Baitz's script is carefully crafted, loading us up with exposition over the first twenty minutes or so and only slightly stretching our creduility. We're helped by Toner's casting, for Babs George and Rick Roemer give their characters good solid Republican self-assurance. She comfortably inhabits the sharp-tongued, steadily bibulous mother, and Roemer radiates warmth and charisma, no doubt much like that of Ronald Reagan. Brooke the wayward daughter is annoying. She suffers from cognitive dissonance, determined to publish the exposé and yet wanting the victims of the revelations, her family, to approve the exercise. Lara Toner does the best she can with the character's whining intensity.
This is a spiritually amorphous California-American family, not anchored anywhere except in bourgeois comfort. Polly is from a Jewish family, but she's not in the least engaged in faith; Lyman's a man of bonhomie and appearances. That is, at least in part, what the play's about: what is really important to these characters, deep down, as Polly threatens to punish their daughter by refusing to speak to her ever again?

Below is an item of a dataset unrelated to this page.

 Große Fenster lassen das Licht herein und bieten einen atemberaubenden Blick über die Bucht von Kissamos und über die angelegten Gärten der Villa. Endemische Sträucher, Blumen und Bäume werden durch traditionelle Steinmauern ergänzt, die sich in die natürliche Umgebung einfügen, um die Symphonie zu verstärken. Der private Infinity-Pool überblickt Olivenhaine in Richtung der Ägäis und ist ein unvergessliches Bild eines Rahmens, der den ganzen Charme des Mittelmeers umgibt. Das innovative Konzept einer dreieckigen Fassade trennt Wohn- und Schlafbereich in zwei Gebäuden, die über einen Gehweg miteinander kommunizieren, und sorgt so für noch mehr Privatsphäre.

Something's oddly uncomfortable in the chronology of this. The principal action is set in 2004 in Palm Springs and there's a very brief epilogue afterward in Seattle of 2010. The elder son was protesting 'the war' when he went wrong -- presumably the freeing of Kuwait in 1991. The Wyeths plead with their daughter to hold off publishing 'until after we're gone' -- but George and Roemer don't look to anywhere close to end-of-life (Alhamdulillah!, as they say in the Arab world). With their evident good health and vigorous middle age (yes, yes, I know I'm repeating an earlier comment), the characters we see onstage are in the physical and mental states they might have enjoyed in the early 1990's before everything went so terribly wrong.
That snarling and ensnarled triangle at the heart of the play stands in contrast to the minor characters, who are implicated outsiders with some trenchant things to say. Aunt Silda the alcoholic (Bernadette Nason) is currently on the wagon and all the more sarcastic because of it. With that spill of orange hair and raspy New York Jewish accent, she's a pleasure to watch and to listen to. Son Trip (Jacob Trussell) escaped the contagion because he was very young when the eldest son disappeared. Trussell is careful but vigorous in the role, portraying Trip as probably the healthiest person onstage.

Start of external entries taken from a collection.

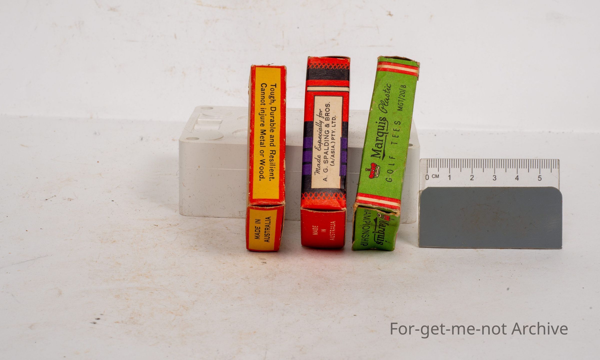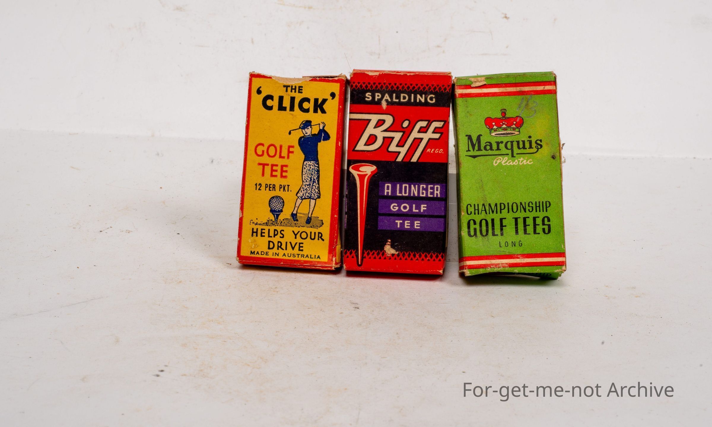 3 cardboard boxes of golf tees. 1 called Biff Spalding. The other one is called Marquis. The third one is called Click.
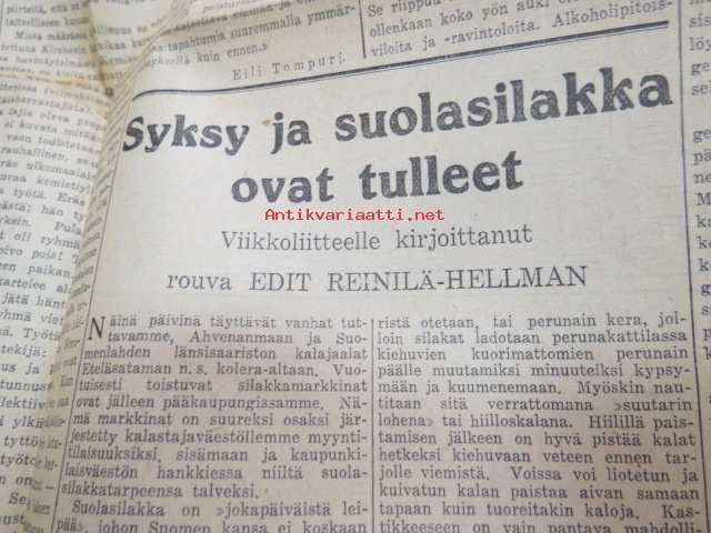 Helsingin Sanomat Viikkoliite 1934 nr 39, 30.9.1934, sis. mm. seur. artikkelit; Vaikutelmia Englannista kesäkuussa 1934, Pestuumarkkinat Lahdessa, Neuvostoteatteri ja -yleisö, Miss Europan Ester Toivosen kotikaupunki Hamina, Edit Reinilä-Hellman - Syksy ja suolasilakka ovat tulleetKauraryynit terveellinen ja halpahintainen ruoka-aine, lihan käyttö taloudessa, Felix - Kissalan pojat -sarjakuvat, ym.
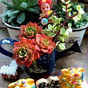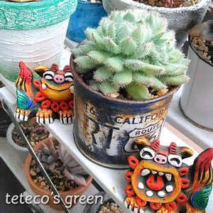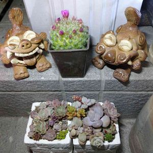 2021シーサーの日🏷参加しまーす😁 我が家のシーサー並べてみたよー😆 多肉ちゃんは大きい子を選びましたー☘️ 左・真っ黒法師 中・テトラゴナ 右・紅日傘 中央・黄色いお花が咲いてるのは三時草🌼

But back to Baitz and to the craft of playwriting. His dialogue has cut and thrust with a lot of completely ordinary American expletives but not much imagery. The title of the piece is the exception that proves the rule: it's taken from a speech in which Brooke wonders whether she should have simply turned the car away from Palm Springs and followed the cryptic road sign to "other desert cities." But Baitz has built a very satisfying turn in his plot, with revelations that handily overturn the comfortable stereotypes we've been assuming of the Wyeths. They have a story to tell, and when they finally do, it's a story worth hearing, one that goes to the fundamentals.
Other Desert Cities is current, it's contemporary, and it has something to say. It's edgier than the usual fare at the Playhouse. Considering that they're in the death-defying balancing act right now of moving from their previous relatively shabby rented quarters at Penn Field and securing all the permits and financing to build a four- or maybe even five-star facility at the Mueller Development, this choice suggests that they intend to do more than just serve comfort art once they get there.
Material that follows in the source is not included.